Problem to solve
Could you give the listing again exactly, without its pictures?

Supplied material
*** Block opens ***

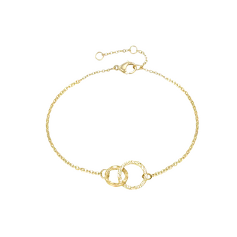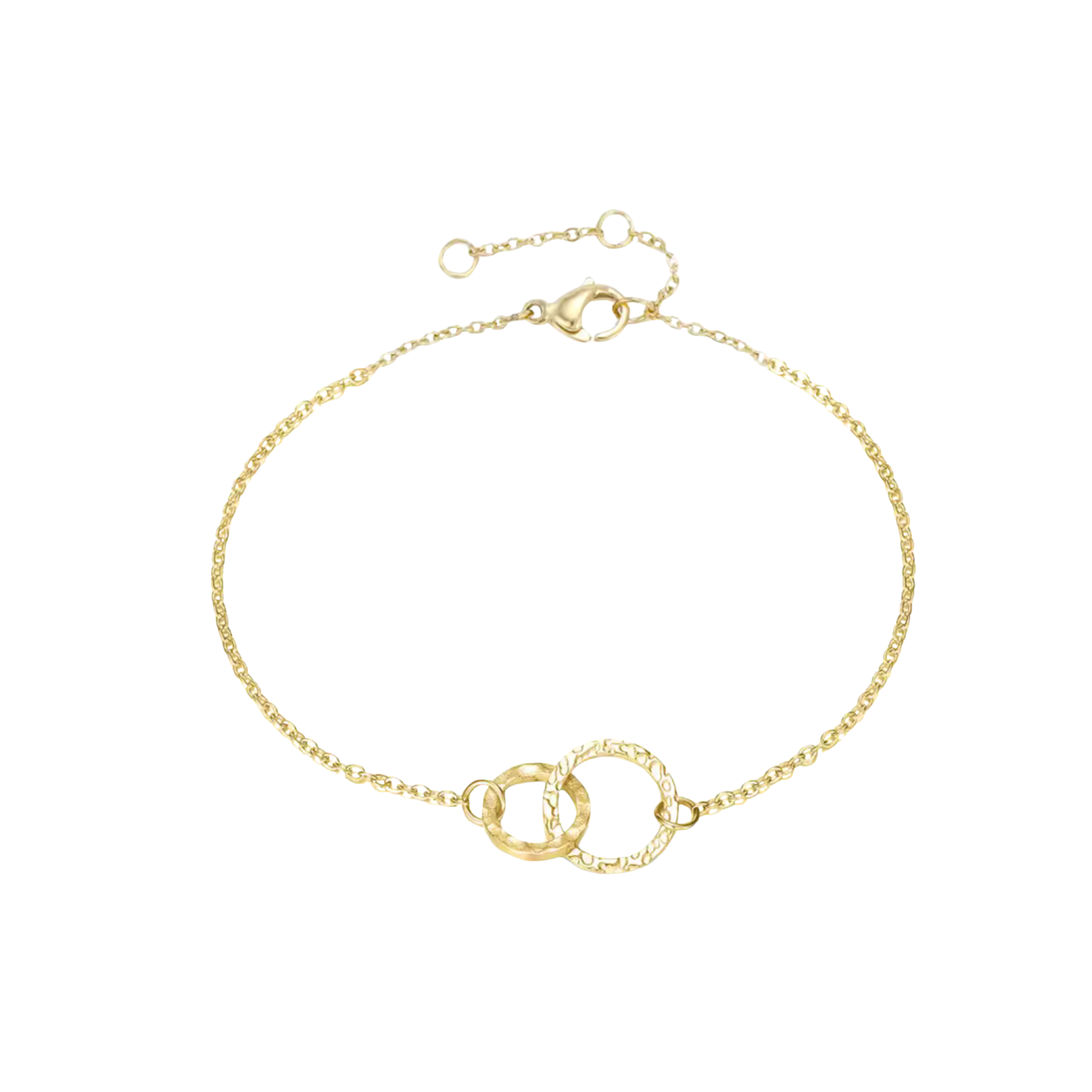 This elegant bracelet features two intertwined gold toned circles on a delicate adjustable chain, symbolising meaningful connection and unity in a minimalist design; crafted with waterproof, tarnish resistant stainless steel, it shines beautifully whether layered or worn solo.
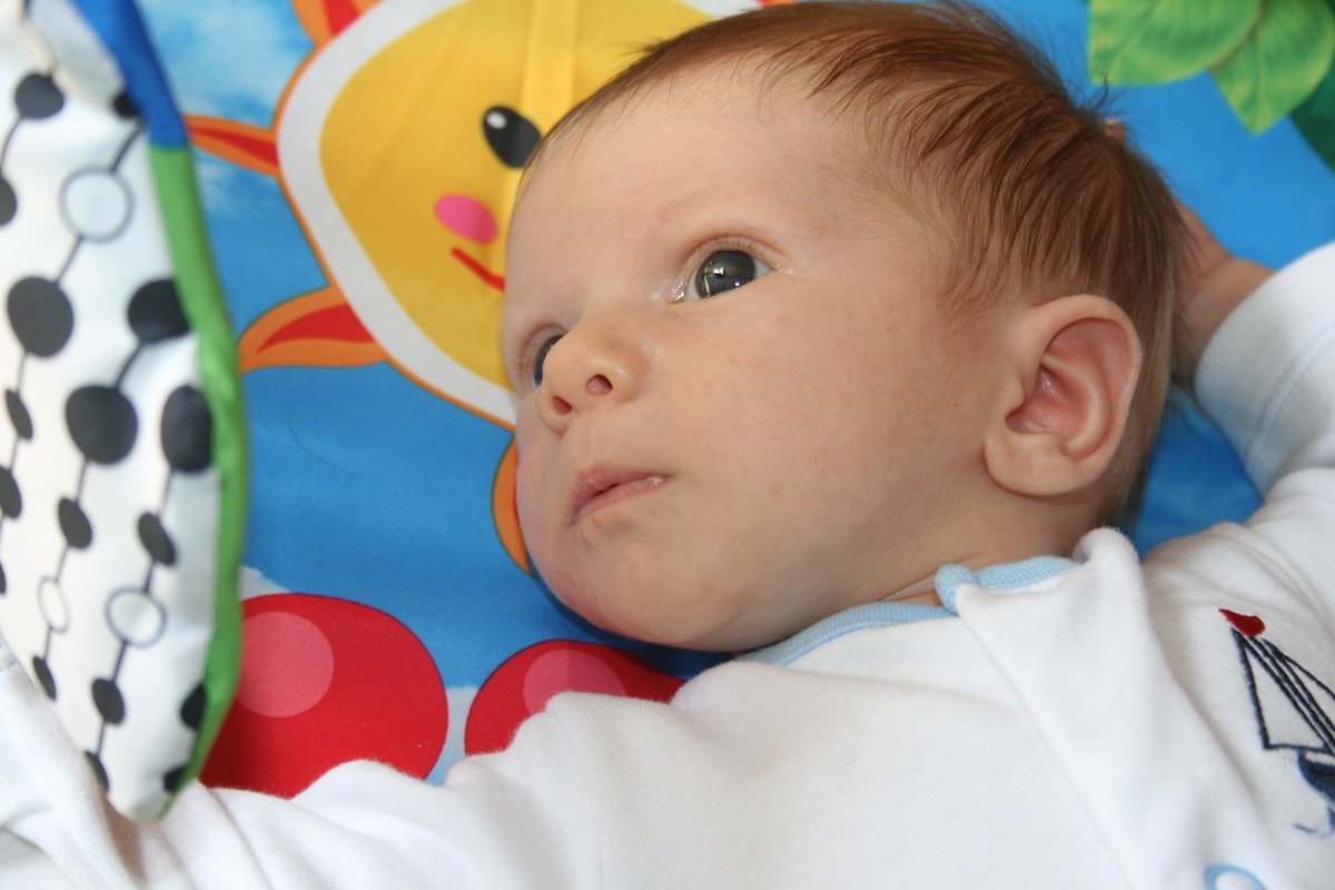 Nicholas really enjoys playing on his playmat, with some tummy time and also lying on his back watching the toys hanging from above.
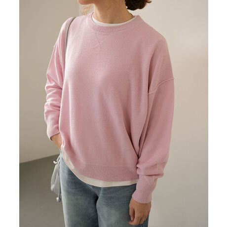スウェットのようなラフさを感じさせながらも、ニット素材で大人っぽく仕上げたトップス。
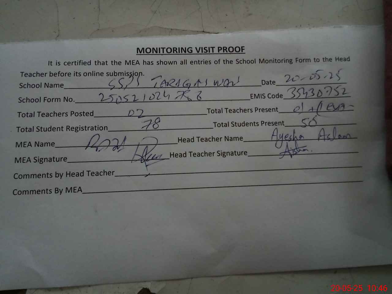 | Attendance Register | Head Teacher | MEA with School | Visit Proof |

*** Block closes ***

Exercise output
 This elegant bracelet features two intertwined gold toned circles on a delicate adjustable chain, symbolising meaningful connection and unity in a minimalist design; crafted with waterproof, tarnish resistant stainless steel, it shines beautifully whether layered or worn solo.
 Nicholas really enjoys playing on his playmat, with some tummy time and also lying on his back watching the toys hanging from above.
スウェットのようなラフさを感じさせながらも、ニット素材で大人っぽく仕上げたトップス。
 | Attendance Register | Head Teacher | MEA with School | Visit Proof |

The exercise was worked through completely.